Victoria dejó de girar y le miró. Entonces se quedó inmóvil cuando descubrió que Nathan también la miraba. El corazón le dio uno de esos ridículos vuelcos que parecía ejecutar cada vez que se encontraba junto a él.

– Supongo que su hermano, lord Alwyck, y usted vivieron aquí muchas aventuras. Nathan negó con la cabeza.

– Nunca les hablé de este lugar. -Apoyó los hombros contra la pared y la miró con una enigmática expresión-. Jamás había traído aquí a nadie. Hasta ahora.

Sus suaves palabras parecieron resonar en las deslumbrantes paredes. Apoyado contra la roca, en sombrío contraste contra los deslumbrantes cristales, parecía oscuro, ligeramente peligroso… muy semejante al disoluto pirata en el que ella le había imaginado convertido en una ocasión… y sumamente delicioso. El corazón le latía con tanta fuerza contra el pecho que se maravilló de que el sonido no reverberara contra las deslumbrantes paredes.

– Supongo entonces que debería halagarme el hecho de que me haya traído con usted -dijo Victoria, orgullosa del tono despreocupado que había logrado emplear. Aun así, la curiosidad la llevó a preguntar-: ¿Por qué lo ha hecho?

Nathan observó brillar el mar de destellos de luz alrededor de Victoria, envolviéndola en lazos de chispas, y cualquier buena intención que pudiera haber albergado le abandonó en ese mismo instante. Parecía una princesa bañada en diamantes, con sus sedosos rizos en glorioso desorden por obra del viento y esos labios carnosos brillando a la luz, tentándole como el canto de una sirena. Se apartó de la pared con un ligero empujón y se acercó a ella despacio.

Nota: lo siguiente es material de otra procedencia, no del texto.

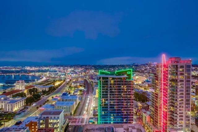 Views from every room! 29th floor Residence at Savina, a coveted Downtown San Diego location steps from Little Italy. This NW corner home looks out to Balboa Park, Sea World and across the bay for sweeping views and sunsets. Generous outdoor patio, modern open concept kitchen with top of the line Thermador appliances and wine refrigerator. Savina offers concierge services along with incredible amenities including resort area pool and spa, steam/sauna, incredible fitness center and more. Side by side parking spaces and extra large storage included with home.
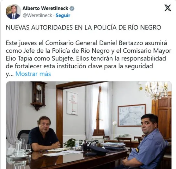 Weretilneck designó a Daniel Bertazzo como Jefe de la Policía

– Podría darle un buen número de motivos plausibles, como que deseaba desempeñar el papel de cortés anfitrión y que creí que le gustaría. O que de repente me embargó un irresistible deseo de visitar la cueva y, como no podía dejarla sola en la playa, la traje conmigo. Y, a pesar de que ambos motivos son ciertos, si los empleara como respuesta, estaría exculpando mi comportamiento en lugar de admitir el verdadero motivo.

Cuando apenas les separaba medio metro, Nathan extendió el brazo y tomó la mano de Victoria, cuyos ojos se dilataron ligeramente, aunque no hizo ademán de detenerle. Por el contrario, se humedeció los labios con la punta de la lengua, sin duda en un gesto inconsciente, aunque bastó para lanzar un torrente de calor líquido a la entrepierna del médico. Demonios, pocas posibilidades tenía Nathan de ser inmune al beso de Victoria si ella conseguía provocar en él tan dolorosa excitación antes incluso de que los labios de ambos se hubieran unido.

– ¿Cuál es el verdadero motivo? -susurró Victoria.

– ¿Está segura de que desea saberlo? -Y, al verla asentir, dijo-: Siento curiosidad por saber si el beso que compartimos en su momento resultaría tan delicioso en una segunda ocasión. -Colocó entonces la mano de ella sobre su pecho, justo sobre el punto donde su corazón palpitaba como si acabara de correr en una carrera, la tomó suavemente de la cintura y la atrajo lentamente hacia él. Cuando entre ambos hubo apenas unos centímetros, preguntó-: ¿Está dispuesta a admitir que desea lo mismo?

Nathan se quedó totalmente inmóvil, esperando una respuesta, preguntándose si Victoria haría alarde del mismo valor que ya había mostrado la noche anterior o si, por el contrario, se ocultaría tras una falsa cortina de reserva remilgada y doncellesca. Victoria se apoyó contra él, levantó la cabeza y susurró:

– Deseo lo mismo.

«Gracias a Dios.» Nathan logró a duras penas reprimir el deseo primitivo y casi abrumador de atraerla bruscamente hacia él y devorarla, y se limitó a inclinar lentamente la cabeza hacia esos labios tentadores que tanto le habían atormentado durante incontables horas. Por fin descubriría si simplemente había imaginado lo maravilloso que había sido el beso compartido en un pasado ya remoto.